The heat drops away from Choso's eyes like a curtain, leaving only that soft, unreadable expression behind. It's unnerving, and also a relief.

"You're very strange," Choso says.

"Am I?" Nanami says.

"You just wasted a perfect opportunity to be seduced," Choso says. "Most alphas jump at the chance."

"I told you," Nanami says. "I'm only here to drink my way through as much wine as I can, and make the emperor's life more difficult."

"Hm," Choso says. "UiUi told me you were refusing a bedding but I assumed you were lying."

"Why would I lie," Nanami says.

"Patrons want to feel desired," Choso says. "The fantasy of being irresistible. Sometimes they try to act uninterested to make us work harder to please them."

"You don't have to please me," Nanami says.

"I could, though," Choso says.

Nanami's very sure that's true.

"I don't wish you to," Nanami says.

"How convenient," Choso says. "You're a bad liar."

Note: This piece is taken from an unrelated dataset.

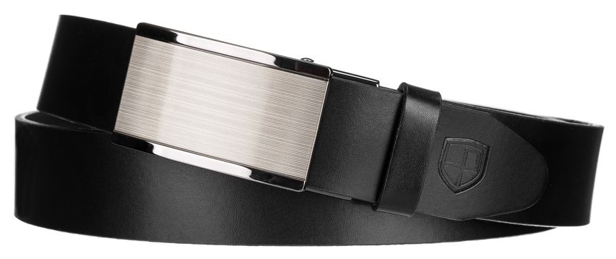 Moški usnjen pas z minimalistično samodejno zaponko PetersonPoljska znamka | Izdelek znane in cenjene poljske znamke, ki ji zaupa na tisoče kupcev. Na traku je vtisnjen logotip proizvajalcaVisoka kakovost | Iz naravnega zrnatega usnja v temno črni barviPas z avtomatsko zaponko | Zaključek s srebrno Celoten opis
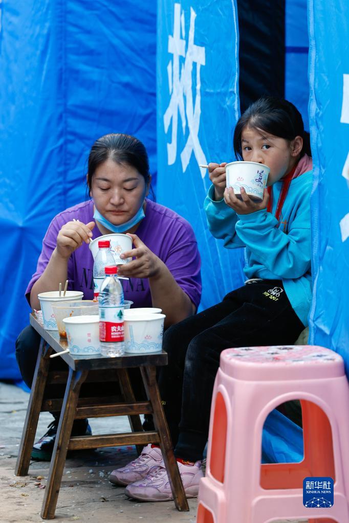 9月7日,在瀘定縣磨西鎮的地震災后安置點(diǎn),人們在吃飯。

"Do you always criticize your patrons so quickly after meeting them?" Nanami says.

"Who said it was a criticism?" Choso says. "I prefer a bad liar."

"In a patron?" Nanami says.

"In anyone," Choso says. "Who would choose a good liar over a bad one in a friend or a lover?"

There's a distinction implied between a patron and a lover, Nanami notes. Is he allowed lovers?

"Are you a good liar?" Nanami says.

"It depends," Choso says.

"On what?" Nanami says.

"My face can be too honest," Choso says. "If I'm sad, or angry. If I'm enjoying a bedding."

Nanami, very deliberately, does not think about that last bit.

Choso watches him over the top of his cup. Nanami feels a bit like he's on Shoko's table, being poked and prodded, his every reflex noted.

"It's difficult to picture you angry," Nanami says.

"Is it?" Choso says. "I have an awful temper."

"You," Nanami says.

"Yes," Choso says. "Under certain circumstances."

"A temper can be valuable," Nanami says.

"It's served me well enough," Choso says. "You didn't ask about the circumstances."

"They're yours," Nanami says. "And none of my business."

"Madame MeiMei would say that I belong to you for the night," Choso says. "Everything of mine is your business, if you want it to be."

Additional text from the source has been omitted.